Byrne starts piling on the James Bond similarities from this point, as the recuperating Swann finds time to have sex with an appreciative nurse, and his handlers are of course stuffed shirts. Swann quits, blaming his superiors for leaks leading to his capture and near-death at the hands of his captors. Two years later (it′s never clear exactly what year this takes place in, but probably early 60s), Swann listens to a little exposition from a pretty agent about his next assignment (is he on his own now, still with MI-6, the CIA? Who knows), getting to a rocket scientist before he defects to the Soviets. It′s also not clear if hes supposed to neutralize the guy, secure his secrets or talk him out of it, maybe because Byrne thinks it′s better to end the page with the clear suggestion Swann is eating the agent out. My favorite exchange (this is pre-cunnilingus):

Miss Thorogoode: Subject: Professor Rupert Kemp. 

            Top man down at the QM Rocket Group in Sussex.

            Considered by some to be the most brilliant mind in his field.

Swann:            His field being rockets and missiles. I′ve heard of him, of course.

Dude, she just said he′s the top man at the QM Rocket Group. We can figure out that he′s in charge of rockets and missiles and not changing the watercooler bottles.

All kidding aside, it’s a lovely book to look at. An engaged Byrne can still deliver, with solid storytelling and a good variety of faces, and Ronda Pattison colors it subtly, maybe a little on the cool side but that could be a thematic decision for cold war, or just to emphasize that this is serious, adult Byrne material.

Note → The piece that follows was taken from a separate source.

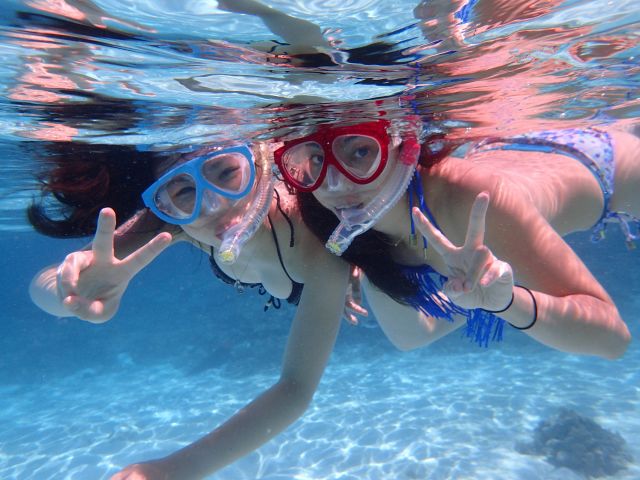 初めての海遊びでシュノーケル(スノーケル)をして、水面からカラフルなお魚屋や水中生物を観察した後は、ランチを挟んで体験ダイビング!

Byrne does seem to be enjoying himself, as is usually the case during his IDW tenure, but I do think the book has some flaws. The sex and violence can′t cover up that every scene is something you’ve seen or read before. And as a lead, Swann is very much a cipher, a cold, amoral killer in line with Fleming′s Bond but lacking the charm the character gained in the films. It’s a handsome book, but so far kind of empty. 

—Christopher Allen

IDW’s Star Trek (Ongoing) #1

IDW is continuing the adventures of the young crew of the U.S.S. Enterprise introduced in director J.J. Abrams’s 2009 Star Trek film, and the first issue is just about everything I could have hoped for.

I wrote about my lifelong appreciation for Star Trek a few days ago, on the 45th anniversary of the airing of the first episode of the original series. With that anniversary in mind, now’s a great time for IDW to launch a new ongoing series, and I am pleased that the first issue reflects the same quality and attention to detail that we’ve seen in the publisher’s other Trek offerings. From Countdown, a canonical prequel to the 2009 movie, to the movie adaptation itself, and sidelights like Nero and Spock: Reflections (both of which expanded on and enhanced the events of the 2009 movie), IDW’s creators and editors show that they get what Star Trek is about, and what a comics adaptation of it requires, more than any publisher in the history of the series. IDW’s Star Trek comics are exciting where DC’s were dull. They feel grounded in the world of Trek, unlike Marvel’s quasi-superhero tone; they make sense and the characters look and feel like the same characters we’ve seen on TV and in the movies, unlike Gold Key’s bizarre, atrocious Star Trek comics.

This new Star Trek #1 features a retelling of the second pilot from the original series, “Where No Man Has Gone Before.” That was the first episode produced that featured William Shatner as Captain Kirk, and the story centered on Kirk dealing with a longtime friend and crew member, Gary Mitchell, accidentally acquiring the powers of a god in an accident at the very edge of the universe.

This new comic is and isn’t that story. It’s a perfect evocation of what I want from the new Star Trek from here on out, touching on the events of the “Prime” universe of the original Shatner/Nimoy episodes while exploring the very real consequences of the fact that history has been changed and anything can happen, now. I’m not saying every movie, comic and TV episode (if that ever happens) produced from here on out has to be based on an old story, but what I am saying is that, when appropriate, and when it can be done in a thoughtful and interesting way (as it is here), those old stories should be used as one part of the foundation of exploring the new Trek universe. Yes, new stories can and should be told, independent of all the old baggage, but the opportunity is there to have fun with a lot of the old mythology, and that’s what happens in Star Trek #1

See, in a new universe like this, branching off from an older reality because of a change in history due to time travel, some things will be exactly the same. And here, they are. Some events proceed exactly like they did in the 1966 TV episode. But some events diverge. Doctor McCoy was not yet aboard in the original episode, the ship’s doctor was a different actor. And as a result of that literally trivial fact, the Gary Mitchell story plays out differently. One key character from the episode is not present, because McCoy’s presence changes things.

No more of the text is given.